Voilà à quoi ressemblait cette toute première expérience que j’avais tant imaginé auparavant ! On peut dire que j’ai été servi.
Les consultations continuaient toujours, j’ai assisté à deux amniocentèses (prélever un peu de liquide amniotique pour l’analyser et vérifier que tout se passe bien) et une pose de péridurale (large anesthésie du bassin qui permet à la maman de ne pas trop souffrir pendant l’accouchement) faite par un médecin froid, désagréable et très incompétent. La preuve, après s’y être pris à deux fois pour faire sa piqûre, il s’est avéré que cette péridurale ne faisait pas d’effet car la maman a bien senti son rejeton passer… Le deuxième accouchement auquel j’ai assisté s’est relativement bien passé, beaucoup plus propre en tout cas ! C’était une quatrième pare (4e enfant) mais la première pour le papa. J’ai juste été assez déçu lorsque la maman, une fois l’accouchement terminé nous demandât « Pourriez pô l’mett din son bôc là-bô ? Faut qu’j’passe un coup d’fil ». Quand on sait à quel point les premiers contacts entre la mère et l’enfant sont importants durant les heures qui suivent l’accouchement, on se dit que vraiment, certains n’ont pas de chance de naître là où ils naissent... Seul le père avait l’air heureux !
Quant au troisième accouchement de la journée, il concernait une jeune femme de 21 ans que nous avions déclenchée le matin, attendant son premier enfant (elle avait déjà fait une fausse couche). L’accouchement durât 20 minutes, ce qui est relativement peu pour une première pare. Elle s’est vraiment montrée conrageuse.

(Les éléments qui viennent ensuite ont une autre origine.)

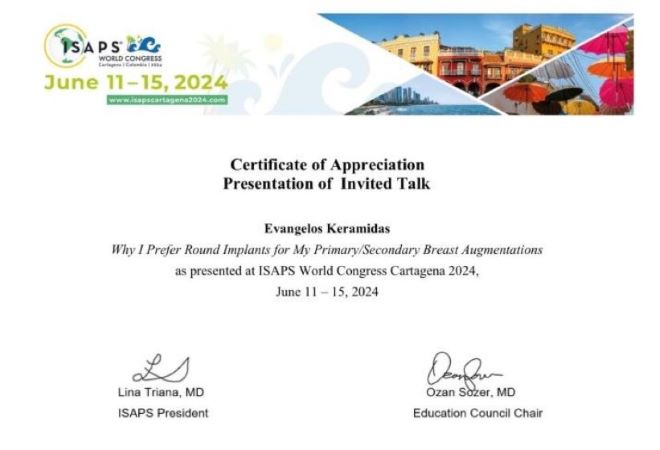 - Την Τετάρτη 12 Ιουνίου, ο Δρ. Ευάγγελος Κεραμίδας μίλησε στους συνέδρους, στο session, με τίτλο: “Novel techniques in Breast Augmentation”, που αφορά τις νεότερες χειρουργικές τεχνικές της Πλαστικής και Αισθητική Χειρουργικής στη χειρουργική του μαστού, ένα θέμα το οποίο έχει επανειλημμένα παρουσιάσει, σε παγκόσμια συνέδρια Αισθητικής Πλαστικής Χειρουργικής. Ο τίτλος της ομιλίας του ήταν: “Why I Prefer Round Implants for My Primary/Secondary Breast Augmentations”.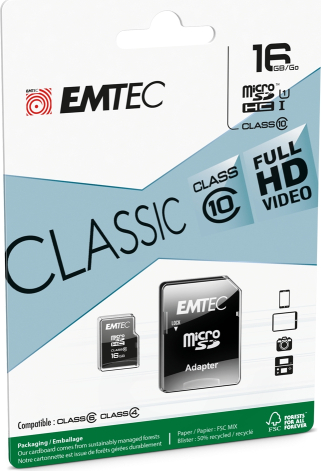 microSD Class10 Classic Emtec populārās microSD kartes par vislabāko cenu! Funkcijas Ideāli piemērotas ikdienas lietošanai un lietotājiem, kuri meklē standarta veiktspēju par pieņemamu cenu. Lasīšanas ātrums līdz 20 MB/s Rakstīšanas ātrums līdz 12 MB/s Tehniskā specifikācija Ietilpība: 16 GB Klasifikācija: Class 10 Lasīšanas ātrums: līdz 20 MB/s * Rakstīšanas ātrums: līdz 12 MB/s * Sertifikācija: CE / REACH / RoHS / FCC / ICES / RCM Temperatūra: darbības režīmā -25 °C līdz 85 °C / uzglabāšana -25 °C līdz 85 °C Svarīgi: Balstīts uz iekšējiem testiem. Veiktspēja var atšķirties atkarībā no lietošanas un ierīces.

J’ai failli voir le quatrième (le deuxième déclenchement à cause de la protidémie) mais à 20h, j’étais bien content de rentrer. 12h de garde, ça passe vite en journée mais c’est extrêmement fatiguant. Les pauses sont rares voire inexistantes, les repas se prennent vite et parfois en plusieurs fois mais quand on y réfléchit bien… Qu’est-ce que c’est beau !

Ma garde de nuit fût beaucoup plus calme le jeudi soir suivant. On a commencé par un accouchement vers 20h30 d’une dame qui attendait son premier et qui travaillait depuis 9h30 le matin. Ce fut le plus bel accouchement que j’aie vu jusqu’à maintenant. Les jeunes parents étaient très émus, angoissés et rendaient chaque instant inoubliable pour eux. Je n’oublierai pas les premières phrases qu’ils dirent à leur petit Théophile lors de ses premières minutes de vie. Pendant les premiers soins, ils ne cessaient de poser des questions et on sentait qu’ils avaient lu des tonnes de revues pour parents durant la grossesse. Vraiment un souvenir génial.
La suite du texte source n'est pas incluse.